On 7/21/11 10:59 PM, Andrew Gray wrote:
On 21 July 2011 21:19, David Gerarddgerard@gmail.com wrote:
Indeed. But everyone would be happier if JSTOR stopped trying to enclose the public domain.
The *Royal Society* are the ones trying to enclose the public domain. JSTOR host the scans and provide the metadata to make it usable.
[...] Yes, this content being open would be a wonderful thing, but I honestly think we're at risk of identifying the wrong villain if we keep insisting that JSTOR qua JSTOR are evil and must be brought to heel. The Google Books approach suggests a way we could get release of the material to work, but it's the RS we'd need to engage with to get it to work. There's very little benefit I can see to be gained by chasing JSTOR here, and a real risk of poisoning the waters for future cooperation.
I agree that JSTOR aren't the only ones at fault, but my interactions with them have generally not given the impression that they're interested in serving the public domain, either. If anything, they have a very protective attitude towards "their" database, taking a more aggressive stance than many of the journals who actually own the content in question. They've been completely uninterested in developing any sort of free-access policies, despite the fact that, from what I know from at least one journal, some journals would in fact make some of their old content freely available through JSTOR, if JSTOR offered that as an option that they could choose--- something like the NYTimes, "pre-1923 free, post-1923 pay" archive policy. But JSTOR doesn't even allow a journal to mark any portion of their archive non-paywalled, much less actually push for anything like that.

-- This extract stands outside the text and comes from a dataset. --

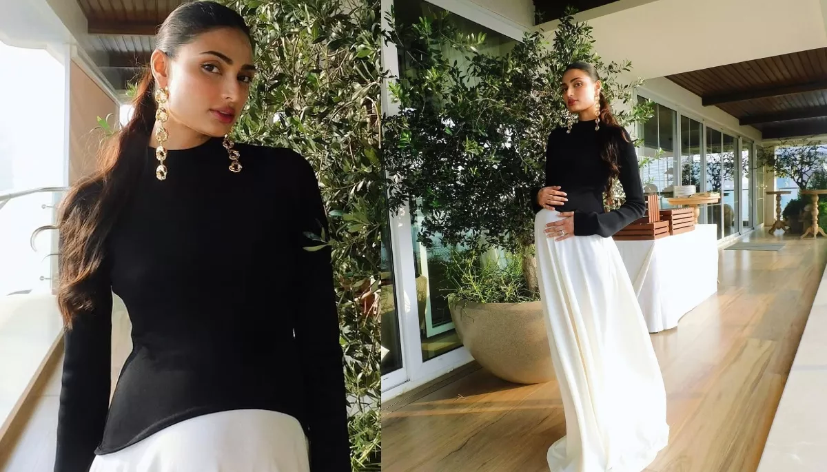 On January 29, 2025, Athiya took to her Instagram handle and posted a couple of pictures from her pregnancy diaries. The mommy-to-be radiated pregnancy glow in a monochrome ensemble. She picked a white flowy skirt with a pair of black turtleneck sweaters. She styled her hair long, curly hair tied in a ponytail.

In fact, they even bargain fairly stingily when it comes to temporary and partially free access. For example, the "19th Century British Pamphlets" collection was scanned thanks to a public research grant, which as a condition required JSTOR to give free access to all UK educational institutions through 2019. But they wouldn't agree to make it completely free, or to offer free access for more than 10 years; that's JSTOR's unwillingness to let go of control over their archive, the funding body did not demand a 2019 sunset for free access, or the restrictions on who could access it.

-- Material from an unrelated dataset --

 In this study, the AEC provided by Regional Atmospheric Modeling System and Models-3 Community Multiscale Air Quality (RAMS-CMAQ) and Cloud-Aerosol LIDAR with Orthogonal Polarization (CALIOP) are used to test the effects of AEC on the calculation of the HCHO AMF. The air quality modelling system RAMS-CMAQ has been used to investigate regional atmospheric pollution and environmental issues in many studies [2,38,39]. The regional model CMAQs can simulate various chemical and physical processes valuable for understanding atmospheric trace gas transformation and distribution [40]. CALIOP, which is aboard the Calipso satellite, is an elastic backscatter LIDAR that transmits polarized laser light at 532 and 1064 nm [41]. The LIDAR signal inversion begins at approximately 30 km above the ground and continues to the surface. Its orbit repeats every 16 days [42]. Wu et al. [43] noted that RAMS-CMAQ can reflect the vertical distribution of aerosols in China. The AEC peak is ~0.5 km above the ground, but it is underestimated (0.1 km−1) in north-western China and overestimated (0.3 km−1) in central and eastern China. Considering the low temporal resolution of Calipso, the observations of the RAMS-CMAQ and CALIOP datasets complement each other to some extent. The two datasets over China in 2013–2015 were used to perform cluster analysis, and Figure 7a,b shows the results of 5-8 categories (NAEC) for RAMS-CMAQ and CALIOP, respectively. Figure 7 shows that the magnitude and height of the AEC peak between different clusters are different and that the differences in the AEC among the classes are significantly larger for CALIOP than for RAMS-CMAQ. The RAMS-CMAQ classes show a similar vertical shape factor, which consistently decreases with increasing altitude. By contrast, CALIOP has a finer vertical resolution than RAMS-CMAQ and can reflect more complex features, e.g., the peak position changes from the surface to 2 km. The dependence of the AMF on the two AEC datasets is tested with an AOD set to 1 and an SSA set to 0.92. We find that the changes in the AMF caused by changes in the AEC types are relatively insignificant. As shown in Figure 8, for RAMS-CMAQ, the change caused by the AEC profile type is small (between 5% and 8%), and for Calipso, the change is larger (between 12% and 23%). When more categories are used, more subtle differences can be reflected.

I hope you're right that they can be encouraged to engage in more productive collaboration in the future, but for my part I'm hugely disappointed and disillusioned with them. At one point in the late-90s it seemed like they might become something of a larger-scale Perseus Project, balancing a need for continued funding of their project with a mission of digitizing humanity's common heritage and making it freely available online. But I haven't seen any evidence of their leadership having that kind of vision.